Accordingly, an indictment satisfies the mental state requirement regarding the threatening nature of the communication when it specifically alleges, or alleges facts from which the court can infer, that the defendant possessed the subjective intent to injure another. The court can infer such intent when the defendant's statements are so graphic and specific that the defendant must have had the purpose of issuing a threat or knowledge that the communication would be viewed as a threat. See United States v. Elonis (Elonis II), 841 F.3d 589, 600 (3d Cir. 2016) (holding defendant had requisite subjective intent to threaten when defendant's statements were "graphic and specific in ways that make it impossible to believe he was unaware it would be interpreted as a threat"). The court can also infer such intent when the defendant made direct and declaratory statements of intent to injure. See, e.g., United States v. White, 810 F.3d 212, 222 (4th Cir. 2016) (holding that defendant's statement "you are going to have the living shit beat out of you" was "direct and declarative" statement of intent sufficient to satisfy subjective intent requirement under Elonis). When an indictment does not include allegations that the defendant had the requisite subjective intent to injure, nor facts from which such intent can be inferred, the indictment must be dismissed. See United States v. Martinez, 800 F.3d 1293, 1295 (11th Cir. 2015) (dismissing indictment that "fail[ed] to allege Martinez's mens rea or facts from which her intent [could] be inferred").
C. Sufficiency of the Indictment
The only dispute here is whether the Indictment sufficiently alleges that Turk had the subjective intent to convey a threat to injure another. We are satisfied that the Indictment is sufficient.

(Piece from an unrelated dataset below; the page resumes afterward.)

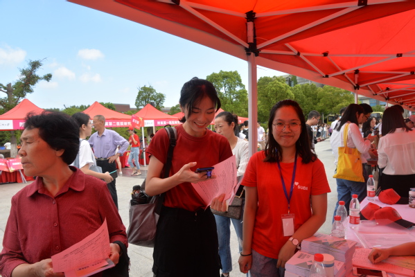 到了九点左右,新生报到迎来了高峰期。接引组的所有人员都在带领新生入住,人手不够,于是后勤组的人员也投入到接引工作中来,力求让新生们留下对苏大完美的第一印象。从炳麟图书馆到宿舍楼,一路上接引组的同学们都化身为苏大小导游,给新生和家长们一一介绍校区布局、特色,对于他们提出的问题,也都悉心解答。

Accepting the facts in the Indictment as true, Defendant's subjective intent can be inferred from the threatening statements alleged. First, the details alleged here are similar to the details in Elonis II, a case which represents the only opportunity that the Third Circuit has had to assess the evidence sufficient to support a finding that a defendant had the subjective intent to injure another. United States v. Elonis (Elonis II), 841 F.3d 589 (3d Cir. 2016). In Elonis II, the court found the requirement of subjective intent was satisfied when, inter alia, the defendant's statements were so graphic and specific that no reasonable jury could find the defendant acted for a purpose other than to issue a threat. See id. at 600. The defendant in Elonis II "specifically threaten[ed] elementary schools in a ten-mile radius, narrow[ed] his threat further to kindergarten classes within those elementary schools, and end[ed] his post with a haunting question that suggest[ed] he [would] carry out his threat imminently." Id. Defendant here was even more specific in identifying his victims than was the defendant in Elonis II. Here, Defendant specifically stated he would harm D.A. and D.A.'s wife. He also stated when he planned to injure them - the next time he saw them - and how he planned to do so: "so severely that D.A. would require hospitalization." (Indictment ¶ 1.) The statements are so graphic and specific that we can certainly infer Defendant had the purpose of conveying a threat to injure D.A. and D.A.'s wife, or that Defendant had the knowledge that the communication would be viewed as a threat.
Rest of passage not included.